WHAT YOU ARE ASKED TO DO:
Make an exact copy of the records, and keep the pictures out of it.
- Opening Delimiter -
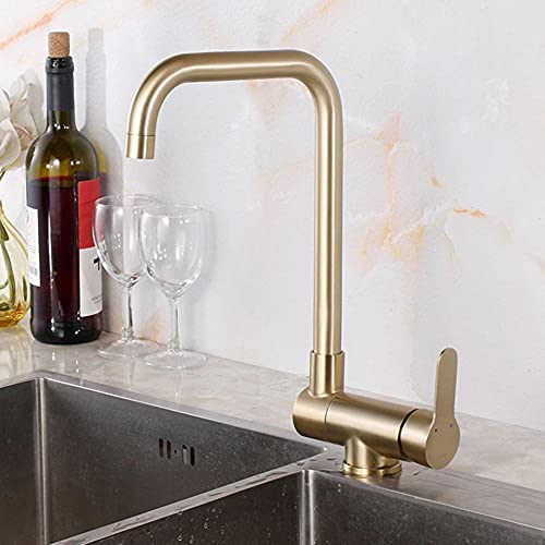 Rubinetto da Cucina Pieghevole Miscelatore Cucina Sottofinestra Oro Spazzolato Acciaio Inossidabile Può Essere Piatto Acqua Calda e Fredda Girevole a 360° Foro Singolo Rubinetto Cucina-A
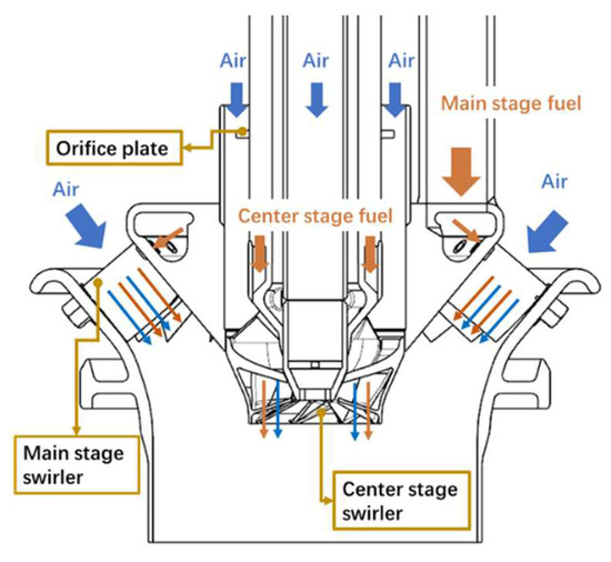 Most Aegean island electric power plants use gas turbines almost exclusively as power units [1]. Lv et al. [7] also proposed a gas turbine island energy system burning biomass gas with an electrical efficiency of 60.78%. With the continuous advancement of advanced, efficient, and clean gas turbine combustion technologies [8], coupled with increasingly stringent emission regulations [9,10], the development of the gas turbine encounters new challenges and demands, including the imperative to simultaneously achieve for higher efficiency, lower NOx and CO emissions, greater fuel flexibility, and a larger operation window [11,12]. The wider operation window is characterized by lower park loads [13], indicating the operational state of the gas turbine at lower loads, and higher ramp gradients, denoting a greater rate of change when adjusting the load, which showcases the greater flexibility and adaptability of gas turbines various operational conditions [14,15,16]. Specifically, increasing the equivalence ratio to enhance combustion is very effective in extending the operation window. Nevertheless, this results in a trade-off—an increase in NOx emissions, posing challenges to the goal of achieving lower emissions. Consequently, it can be concluded that addressing the challenge of extending the operational window for the heavy-duty gas turbine combustor while simultaneously ensuring stability, efficiency, and environmental friendliness is crucial.
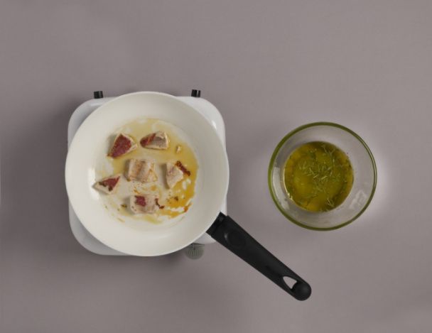 DifficilePréparer la marinade avec l'huile d’olive, jus de citron, sel et romarin. Habiller, lever et désarêter les rougets. Tailler les filets en 3. Saler et colorer les filets côté peau, retourner et laisser cuire encore 2 mn. Refroidir et ajouter la marinade.
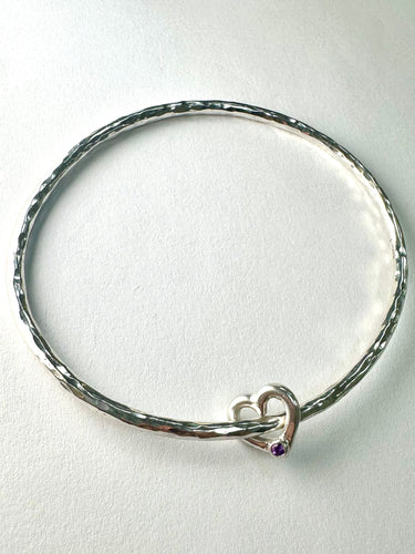 Silver 2mm Hammered Floating Heart Bangle With Amethyst
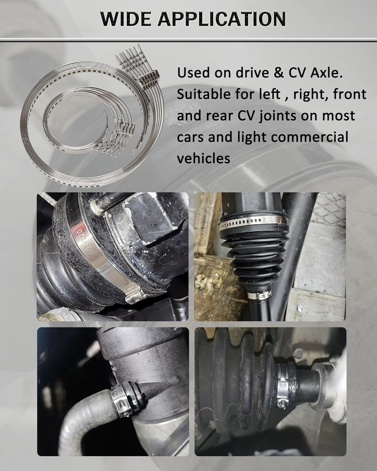 • WIDE APPLICATION: Used on drive & CV Axle, work well with your cv boot kit such as atv's and utv's cv boots; A perfect replacement for your loose or broken cv boot clamp
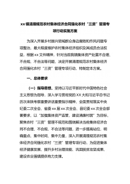 xx鎮(zhèn)清理規(guī)范農(nóng)村集體經(jīng)濟(jì)合同強(qiáng)化農(nóng)村“三資”管理專項行動實施方案為深入開展鄉(xiāng)村振興領(lǐng)域群眾身邊腐敗和作風(fēng)問題專項整治,最大程度維護(hù)農(nóng)村集體經(jīng)濟(jì)組織及其成員合法權(quán)益,根據(jù)xx文件精神,針對當(dāng)前我鎮(zhèn)集體資產(chǎn)處置不合理、不合規(guī)、不合法等問題,決定開展清理規(guī)范農(nóng)村集體經(jīng)濟(jì)合同強(qiáng)化農(nóng)村“三資”管理專項行動,特制定本方案。一、總體要求(一)指導(dǎo)思想。堅持以習(xí)近平新時代中國特色社會主義思想為指導(dǎo),深入學(xué)習(xí)貫徹黨的XX大和習(xí)近平總書記歷次來陜考察重要講話重要指示精神,全面貫徹落實中央紀(jì)委二次全會、省委xx屆xx次全會、縣紀(jì)委xx次全會部署要求,以“加強(qiáng)集體資產(chǎn)監(jiān)管,建設(shè)清廉村居”為目標(biāo),聚焦農(nóng)村“三資”管理...
- Closing Delimiter -
RESPONSE FOR THIS EXERCISE:
 Rubinetto da Cucina Pieghevole Miscelatore Cucina Sottofinestra Oro Spazzolato Acciaio Inossidabile Può Essere Piatto Acqua Calda e Fredda Girevole a 360° Foro Singolo Rubinetto Cucina-A
 Most Aegean island electric power plants use gas turbines almost exclusively as power units [1]. Lv et al. [7] also proposed a gas turbine island energy system burning biomass gas with an electrical efficiency of 60.78%. With the continuous advancement of advanced, efficient, and clean gas turbine combustion technologies [8], coupled with increasingly stringent emission regulations [9,10], the development of the gas turbine encounters new challenges and demands, including the imperative to simultaneously achieve for higher efficiency, lower NOx and CO emissions, greater fuel flexibility, and a larger operation window [11,12]. The wider operation window is characterized by lower park loads [13], indicating the operational state of the gas turbine at lower loads, and higher ramp gradients, denoting a greater rate of change when adjusting the load, which showcases the greater flexibility and adaptability of gas turbines various operational conditions [14,15,16]. Specifically, increasing the equivalence ratio to enhance combustion is very effective in extending the operation window. Nevertheless, this results in a trade-off—an increase in NOx emissions, posing challenges to the goal of achieving lower emissions. Consequently, it can be concluded that addressing the challenge of extending the operational window for the heavy-duty gas turbine combustor while simultaneously ensuring stability, efficiency, and environmental friendliness is crucial.
 DifficilePréparer la marinade avec l'huile d’olive, jus de citron, sel et romarin. Habiller, lever et désarêter les rougets. Tailler les filets en 3. Saler et colorer les filets côté peau, retourner et laisser cuire encore 2 mn. Refroidir et ajouter la marinade.
 Silver 2mm Hammered Floating Heart Bangle With Amethyst
 • WIDE APPLICATION: Used on drive & CV Axle, work well with your cv boot kit such as atv's and utv's cv boots; A perfect replacement for your loose or broken cv boot clamp
 xx鎮(zhèn)清理規(guī)范農(nóng)村集體經(jīng)濟(jì)合同強(qiáng)化農(nóng)村“三資”管理專項行動實施方案為深入開展鄉(xiāng)村振興領(lǐng)域群眾身邊腐敗和作風(fēng)問題專項整治,最大程度維護(hù)農(nóng)村集體經(jīng)濟(jì)組織及其成員合法權(quán)益,根據(jù)xx文件精神,針對當(dāng)前我鎮(zhèn)集體資產(chǎn)處置不合理、不合規(guī)、不合法等問題,決定開展清理規(guī)范農(nóng)村集體經(jīng)濟(jì)合同強(qiáng)化農(nóng)村“三資”管理專項行動,特制定本方案。一、總體要求(一)指導(dǎo)思想。堅持以習(xí)近平新時代中國特色社會主義思想為指導(dǎo),深入學(xué)習(xí)貫徹黨的XX大和習(xí)近平總書記歷次來陜考察重要講話重要指示精神,全面貫徹落實中央紀(jì)委二次全會、省委xx屆xx次全會、縣紀(jì)委xx次全會部署要求,以“加強(qiáng)集體資產(chǎn)監(jiān)管,建設(shè)清廉村居”為目標(biāo),聚焦農(nóng)村“三資”管理...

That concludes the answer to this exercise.